Jika upaya ini masih belum cukup menangkal rasa kantuk, mari kita lakukan aktivitas gerakan kecil yang tidak mengganggu jamaah lain. Misalnya dengan menyatukan jari-jari tangan sambil mempertemukan kedua ibu jari. Gerak-gerakkan kedua ibu jari secara halus sehingga saling bergesekan, menimbulkan sensasi yang menghalangi rasa kantuk. Cara lain adalah menempelkan ujung lidah ke langit-langit rongga mulut, kemudian gerak-gerakkan dengan halus sehingga menimbulkan sensasi yang bisa menghambat menurunnya gelombang otak. Kedua contoh gerakan ini Insya Allah cukup efektif tanpa terlihat jamaah lain sehingga tidak mengganggu kekhusyu’an jamaah di kanan kiri kita. Hentikan gerakan-gerakan itu saat kita sudah bisa menghilangkan kantuk, lakukan lagi saat rasa kantuk datang lagi.

Kita selalu diingatkan untuk mendengarkan, memperhatikan dan mengikuti Khotib agar mendapat rahmat. Bukankah mendapat rahmat Allah SWT adalah tujuan kita beribadah? Kita selalu diingatkan untuk menghindari berbicara atau bercakap-cakap saat mendengarkan khutbah. Bahkan mengingatkan orang lain yang sedang berbicara pun termasuk hal yang harus dihindari. Pesan ini termasuk upaya untuk mempertahankan state kita agar kita tidak kembali pada gelombang Beta yang berarti pula kita meninggalkan state Ibadah. Saat kita berbicara, bercakap-cakap, menanggapi percakapan, bahkan sekadar mengingatkan orang lain dengan perkataan ”Diam”, maka dapat dipastikan saat itu kita kehilangan kekhusyu’an mendengarkan dan memperhatikan khutbah.
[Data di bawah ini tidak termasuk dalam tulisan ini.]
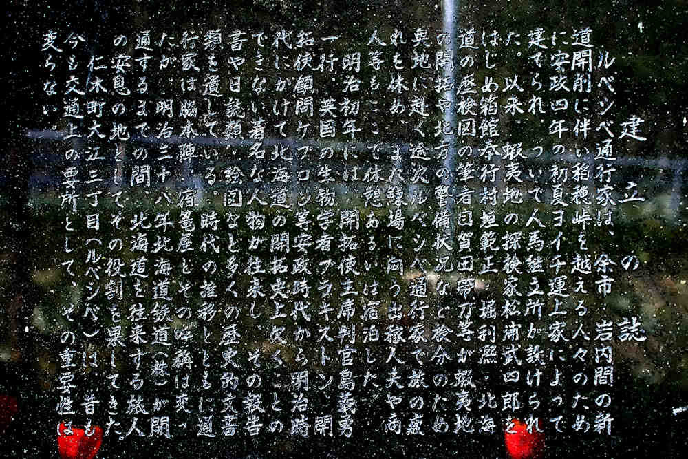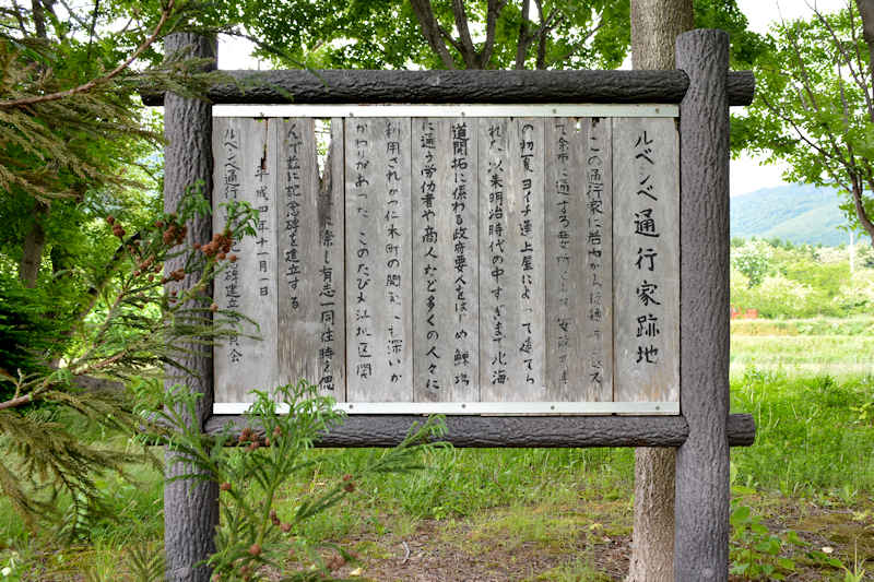峠の仁木町側にはルベシベ通行家跡地に記念碑(ルベシベ川と稲穂川の合流部付近)と説明板があり碑文には『建立の誌 ルベシベ通行屋は余市、岩内間の新道開削に伴い稲穂峠を越える旅人のために安政4年の初夏余市運上家によって建てられ、次いで人馬継立が設けられた。以来、蝦夷地の探検家松浦武四郎をはじめ函館奉行村垣範正、堀利凞、北海道の歴検図の筆者目賀田帯刀が蝦夷地の開拓や北方の警備状況など検分のため奥地に赴く途次ルベシベ通行屋で旅の疲れを休め、また鰊場に向かう出稼人夫や商人等もここで急速あるいは宿泊した。明治初年には開拓使主席判官島義勇一行、英国の生物学者ブラキストン、開拓使顧問ケプロン等、安政時代から明治時代にかけて北海道の開拓史上欠くことのできない著名な人物が往来し、その報告書や日記類、絵図など多くの歴史的文書類を遺している。時代の推移と共に通行屋は脇本陣、旅籠屋とその名称は変わったが、明治38年北海道鉄道(株)が開通するまでの間、北海道を往来する旅人の安息の地としてその役割を果たしてきた。仁木町大江三丁目(ルベシベ)は、昔も今も交通上の要所として、その重要性は変わらない。』※碑文では松浦武四郎も泊まった?ようになっているが、松浦武四郎がここを通過した時は、通行屋の建設中で丁巳第二巻 曽宇津計日誌では「笹小屋」というタイトルでその様子を綴っているが、石狩日誌では笹小屋に泊まったとあり、碑文は石狩日誌を元にしているようです。後に山道駅逓所と呼ばれている。◇所在地:仁木町大江3 香坂氏地所内

Karena itu, untuk menghindari gangguan yang kedua, yaitu kemungkinan bangkitnya gelombang otak ke Beta, mari kita pertahankan pandangan, pendengaran dan perhatian kita hanya pada khutbah. Afirmasikan pada diri, ”Saat ini saya fokus mendengarkan, memperhatikan dan mengambil manfaat khutbah ini. Suara-suara yang lain hanya membuat saya semakin fokus pada khutbah. Setiap kata-kata khotib yang saya dengarkan, semakin membuat saya semakin fokus mengikuti khutbah dan memperoleh manfaat untuk diri saya”. Cukup dua tiga kali kita mengucapkan afirmasi dalam hati, selanjutnya kita tinggal menikmati efeknya, yaitu semakin fokus dan khusyu’ serta mengambil manfaat yang sebesar-besarnya dari khutbah yang kita dengarkan.

Insya Allah, dengan beberapa cara praktis di atas, kita bisa mempertahankan state Ibadah yang sudah kita bangun secara gradual sejak mendengarkan dan menjawab Adzan, mengambil air wudlu, dan melangkah masuk ke dalam Masjid. Kita mempertahankan state gelombang alpha menuju theta selama mendengarkan khutbah Jumat, dan mempersiapkan untuk masuk ke state gelombang thetha menuju delta, saat melaksanakan Sholat.

Subhanaka laa ’ilmalanaa, illa maa ’alamtana, innaka antal ’aliimul hakiim.